Fish. Concentrations of total PCBs (sum of the 83 PCBs measured) were above EPA SV for some of the fish caught in Cocos Lagoon (Figure 3). Total PCB concentrations were above the EPA recreational SV in four species (banded sergeant, blackspot sergeant, convict tang, honeycomb grouper, and orange-striped emperor) from around Cocos Island. No fish from other locations were above the recreational PCB screening values. Four honeycomb groupers caught in other parts of Cocos Lagoon were above the recreational SV (Figure 3). DDT was found at concentrations above the recreational fisher SV for two fish species, and above the subsistence SV for four other species around Cocos Island. No fish from any other areas of Cocos Lagoon were above either SV for DDT. No other chemical contaminants analyzed for this project were above available USEPA SV.
NOAA will continue data analysis, working with Guam EPA, the USEPA, and the USCG. The USEPA has indicated that they will conduct further human health risk assessments using the NOAA data. A technical report on the results from the collection and analysis of sediments and fish is currently being developed by NOAA and will be ready in late 2017.
Preliminary approval has been received for an effort to look for PCBs in the water column around Cocos Island, using a series of passive water samplers.
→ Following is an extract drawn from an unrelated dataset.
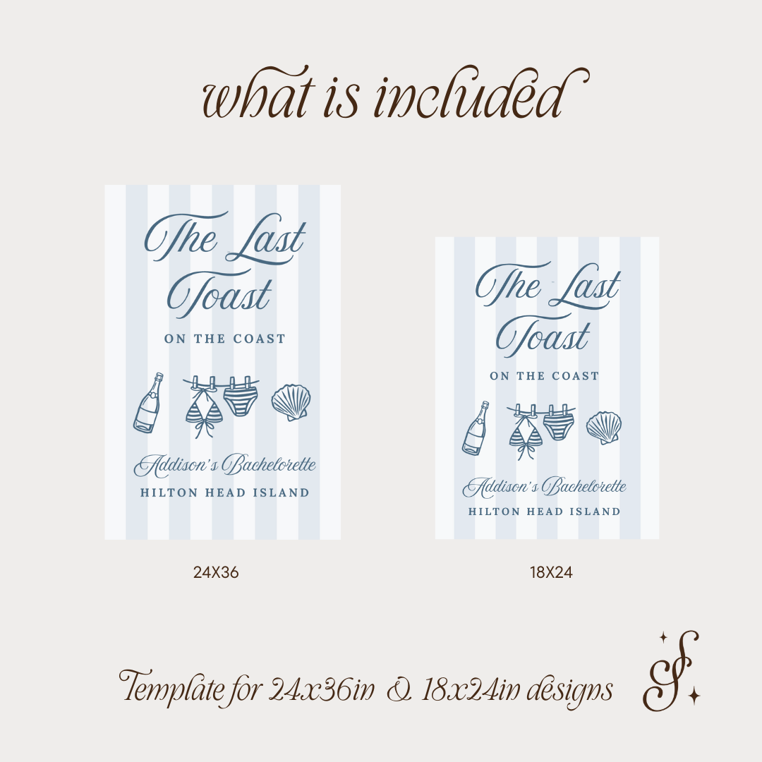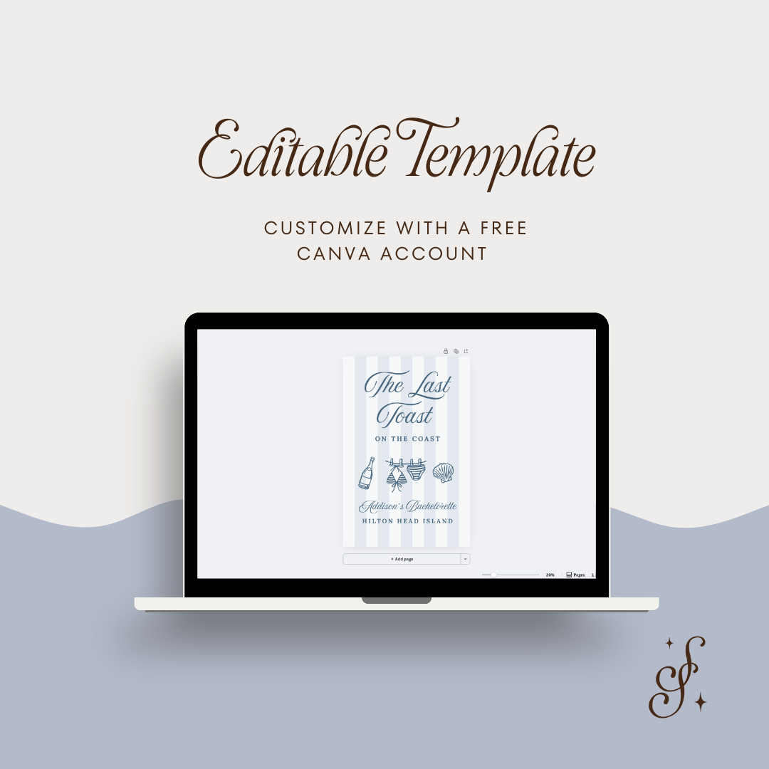 This Last Toast on the Coast Canva template is the perfect personalized welcome sign for a coastal bachelorette weekend. Featuring a chic, hand-drawn design with beachy elegance, it’s ready to be customized and printed in minutes.

Sediments are typically a reservoir for many chemical contaminants that can accumulate in aquatic organisms, however, the sediments collected in Cocos Lagoon, including from around Cocos Island, contained very low levels of PCBs and other contaminants Because of this, sediments may not be the only source or medium through which contaminants are accumulating in the fish.
One possibility is that chemical contaminants like PCBs are being transported via water from Cocos Island (e.g., through surface water runoff or groundwater inputs) and then subsequently taken up by the fish. It is also possible that the fish are accumulating contaminants through the food chain, through the sediments or perhaps a combination of all three sources. To assess the possibility that the water column may be an important source of PCBs and other contaminants in the fish found adjacent to Cocos Island, NOAA in partnership with the USEPA and Guam EPA, is planning to deploy an array of passive water samplers known as PEDs or polyethylene devices, adjacent to Cocos Island, in mid to late summer of 2017.